TASK TO COMPLETE
Return the material below exactly, but only from the line with "White Fox Star" through the line with "推动长江经济带发展要坚持走生", and without its pictures.

GIVEN DATA
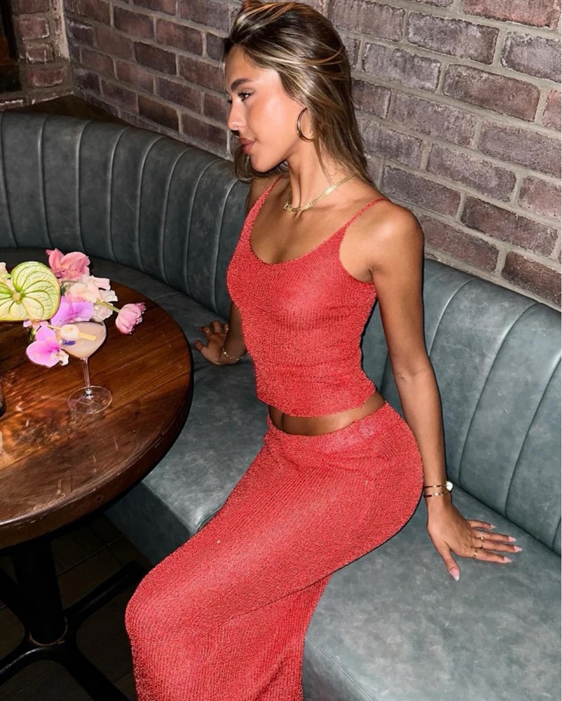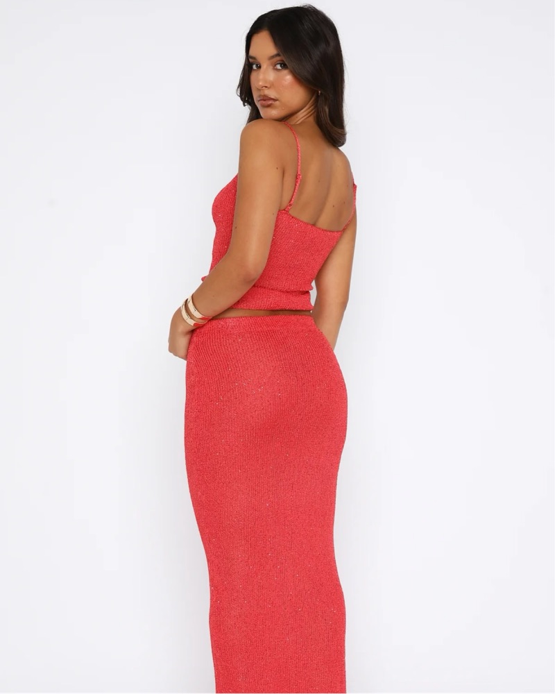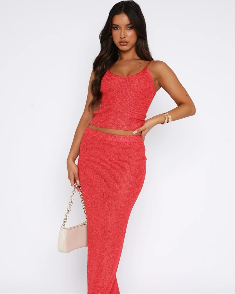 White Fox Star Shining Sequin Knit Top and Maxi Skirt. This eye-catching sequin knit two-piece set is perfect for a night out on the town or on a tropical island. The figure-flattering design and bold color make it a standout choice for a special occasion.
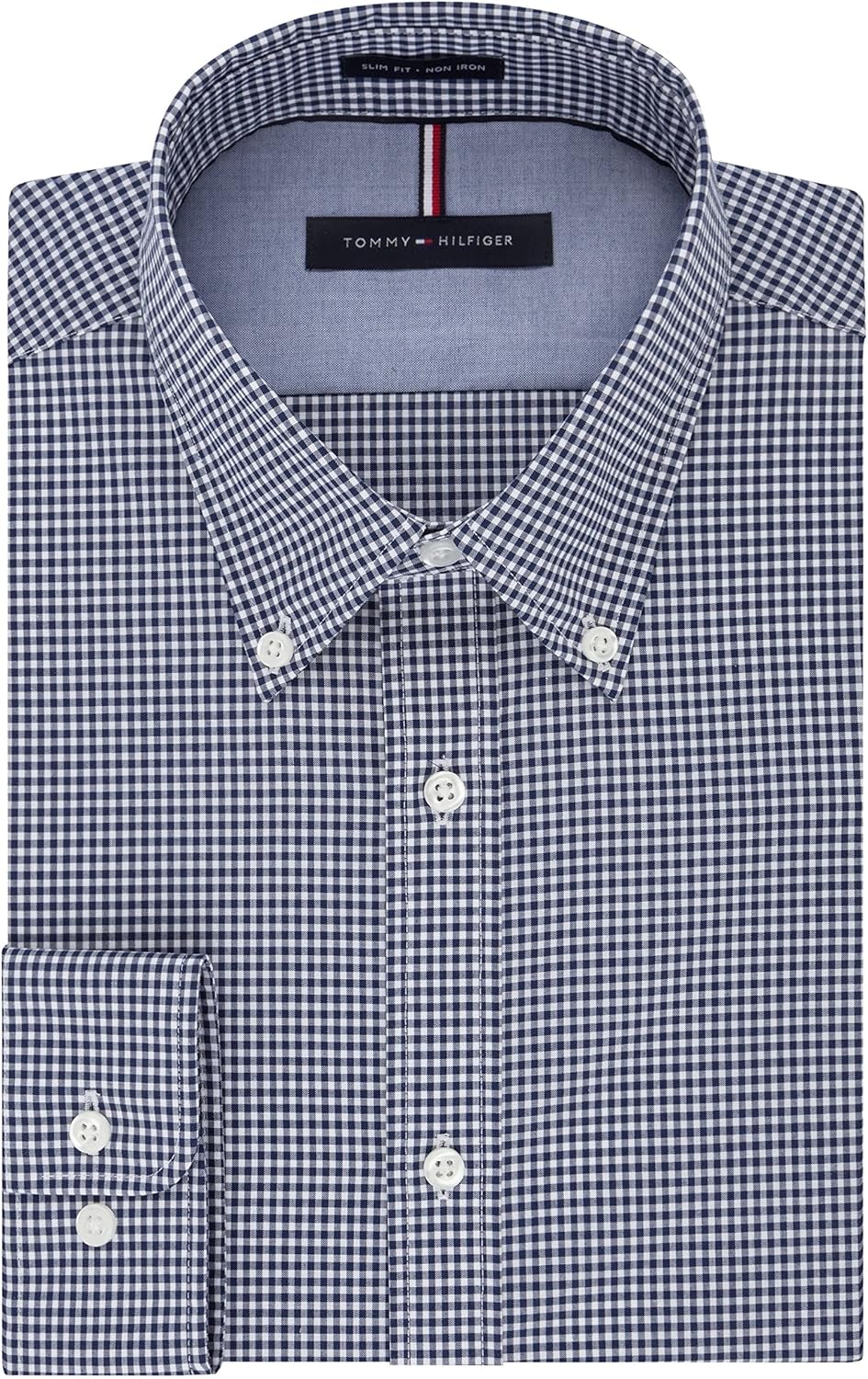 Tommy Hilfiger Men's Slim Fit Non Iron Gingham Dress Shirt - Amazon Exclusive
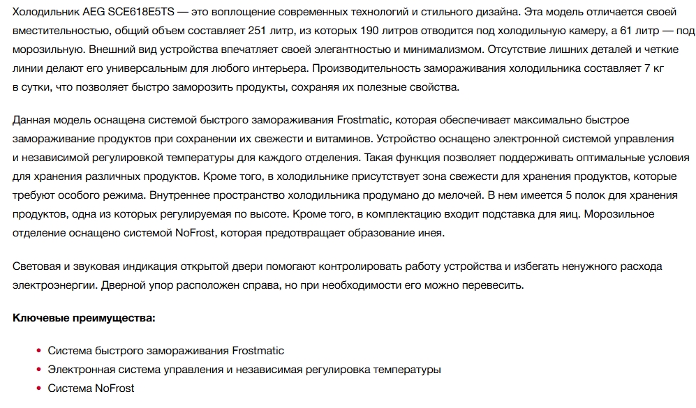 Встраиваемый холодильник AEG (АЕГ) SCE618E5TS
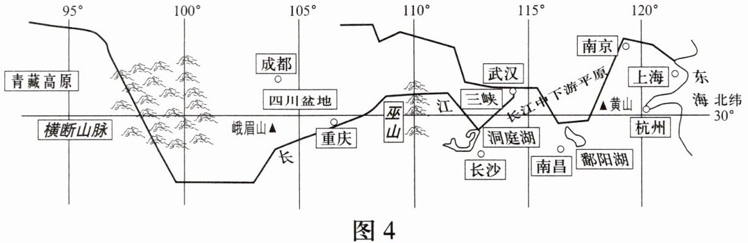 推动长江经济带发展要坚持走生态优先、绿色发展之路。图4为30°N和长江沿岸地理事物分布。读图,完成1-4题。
--
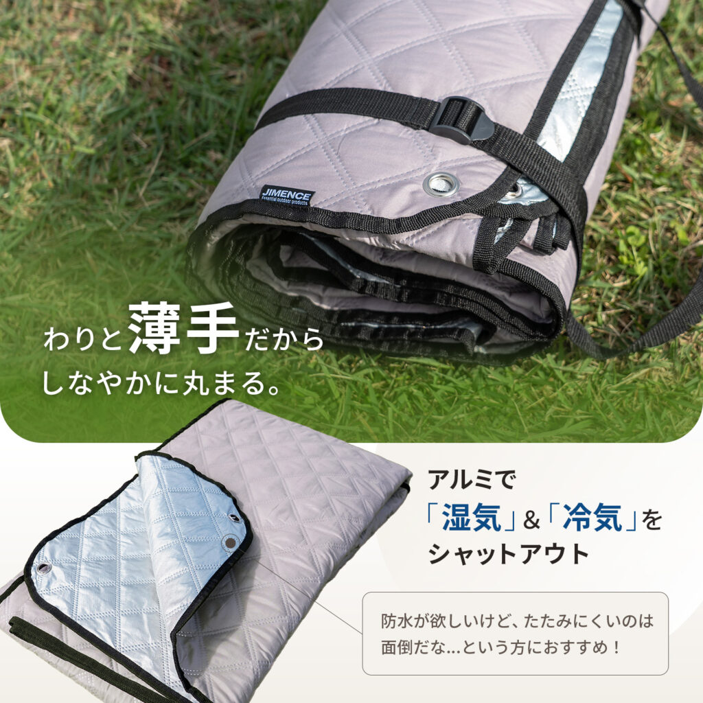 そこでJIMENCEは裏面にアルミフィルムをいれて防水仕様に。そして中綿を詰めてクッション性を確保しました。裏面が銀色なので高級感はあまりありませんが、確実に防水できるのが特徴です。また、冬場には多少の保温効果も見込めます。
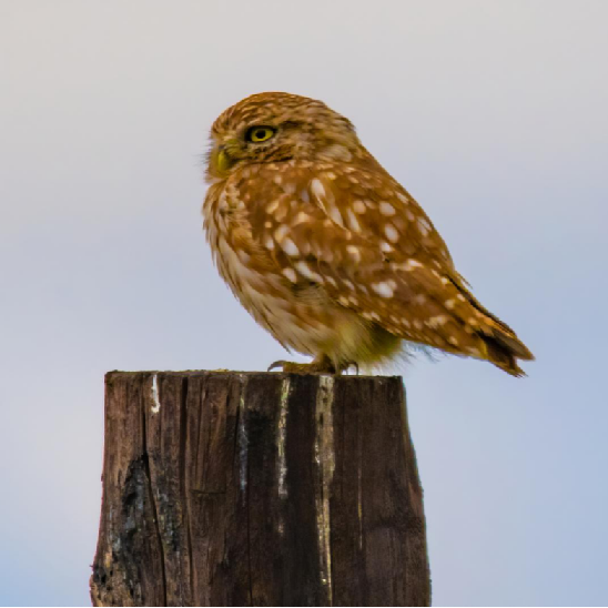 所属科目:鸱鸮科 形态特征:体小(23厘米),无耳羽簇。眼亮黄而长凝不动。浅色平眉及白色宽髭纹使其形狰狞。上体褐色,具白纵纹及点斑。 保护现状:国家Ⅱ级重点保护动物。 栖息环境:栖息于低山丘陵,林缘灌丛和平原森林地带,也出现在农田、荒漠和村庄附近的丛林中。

ANSWER BOX
 White Fox Star Shining Sequin Knit Top and Maxi Skirt. This eye-catching sequin knit two-piece set is perfect for a night out on the town or on a tropical island. The figure-flattering design and bold color make it a standout choice for a special occasion.
 Tommy Hilfiger Men's Slim Fit Non Iron Gingham Dress Shirt - Amazon Exclusive
 Встраиваемый холодильник AEG (АЕГ) SCE618E5TS
 推动长江经济带发展要坚持走生态优先、绿色发展之路。图4为30°N和长江沿岸地理事物分布。读图,完成1-4题。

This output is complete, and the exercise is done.